Upon her visit and welcome, Tessa was drawn to many aspects of their way of life. Over several years and multiple trips, she built a rapport with the community. In particular, a close friendship formed with a Bahnar woman called Banh, who is also a keen photographer.
To learn about Bahnar culture and history is to learn about the impacts of French colonialism; the two are entwined. Since the 1850s, the arrival of French Catholic Missionaries into the Central Mountains saw a complex chapter begin. Through their presence came ethnographers, whose fieldworks photographically documented the ethnic groups of the region, referred to as Montagnards; French for “people of the mountain”.

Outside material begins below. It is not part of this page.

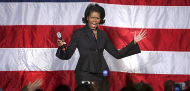 隨著美國民主黨總統(tǒng)候選人巴拉克·奧巴馬當選總統(tǒng)的呼聲越來越高,奧巴馬的妻子米歇爾也成為媒體關(guān)注的焦點。如果奧巴馬當選總統(tǒng),那么米歇爾也將創(chuàng)下兩項紀錄:第一位非洲裔總統(tǒng)夫人、個子最高的“第一夫人”。
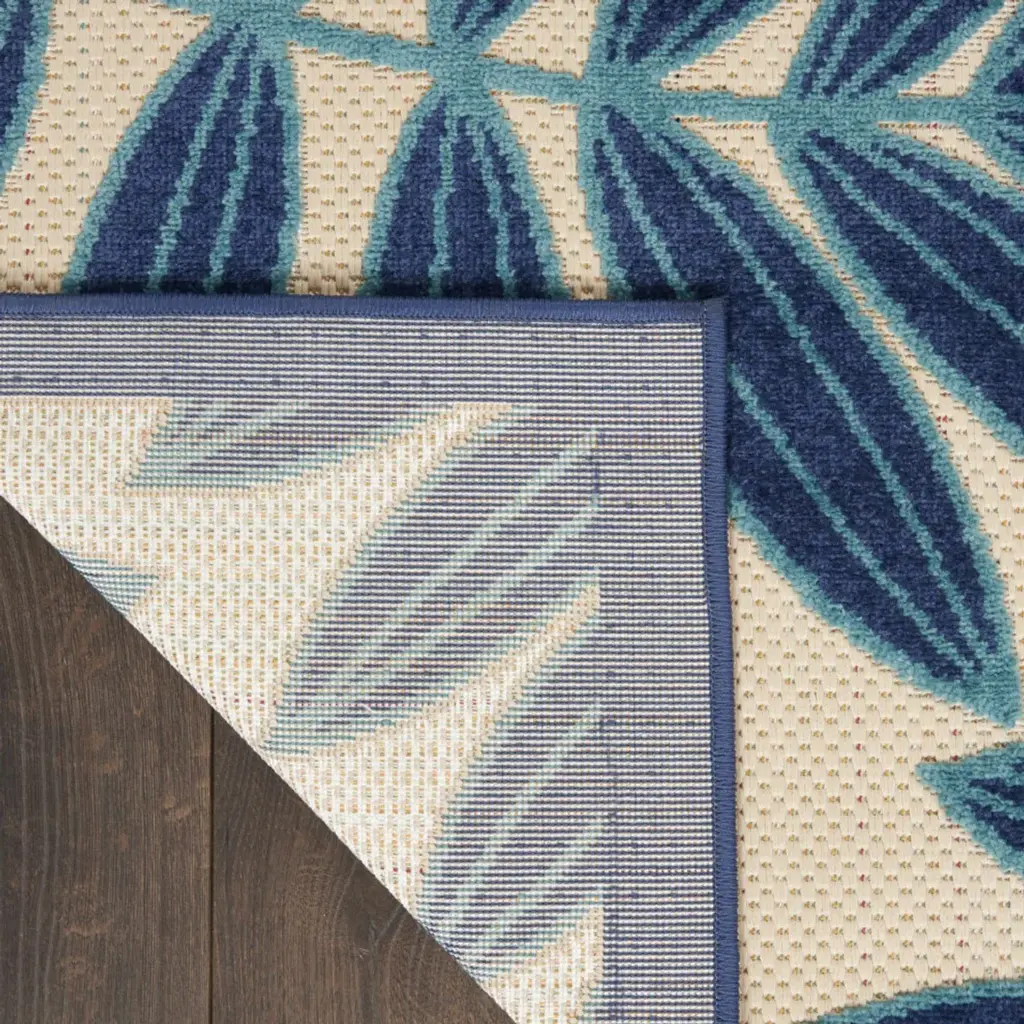 This 7'' x 10'' blue and ivory floral stain resistant indoor outdoor area rug, is a great way to add warmth to a room. This rectangle shaped rug features a floral design in blue and ivory to give it visual interest. A classic shape marries with good looking design for your space Made in Turkey, this rug offers high quality combined with good looking designer sensibilities. Ideal for spaces with kids and pets, this rug is stain resistant to help repel stains and spilled liquids. Place this area rug against a hardwood or tile floor and it will enliven your living space with style and sophistication. 1" H x 84" W x 120" D

Banh’s passion for preserving Bahnar culture has led her to deeply value the ethnographers’ historic black and white photography, documenting her people as far back as a century ago. It is a somber paradox though, common for indigenous communities, how such photographs – taken by the colonizer – are over time repatriated back to the community to ironically evolve into treasured relics that can preserve or even regain memory and culture.
Banh explained to Tessa the cyclic history of these photographs and the mixed feelings with which she regards them. While most are coldly ‘documentarian’ in their aesthetic, some are romantic, suggesting an affinity for the Bahnar people among some ethnographers. Yet, the images were all still ‘taken’ by outsiders.
Having been made aware of this, Tessa – an outsider – proposed a collaboration whereby Banh photographs whomever she likes from her village, forming the key reference imagery for a subsequent portrait that Tessa paints. With a high regard for the elders among her village, Banh chose to photograph Nhi, aged 96 at the time.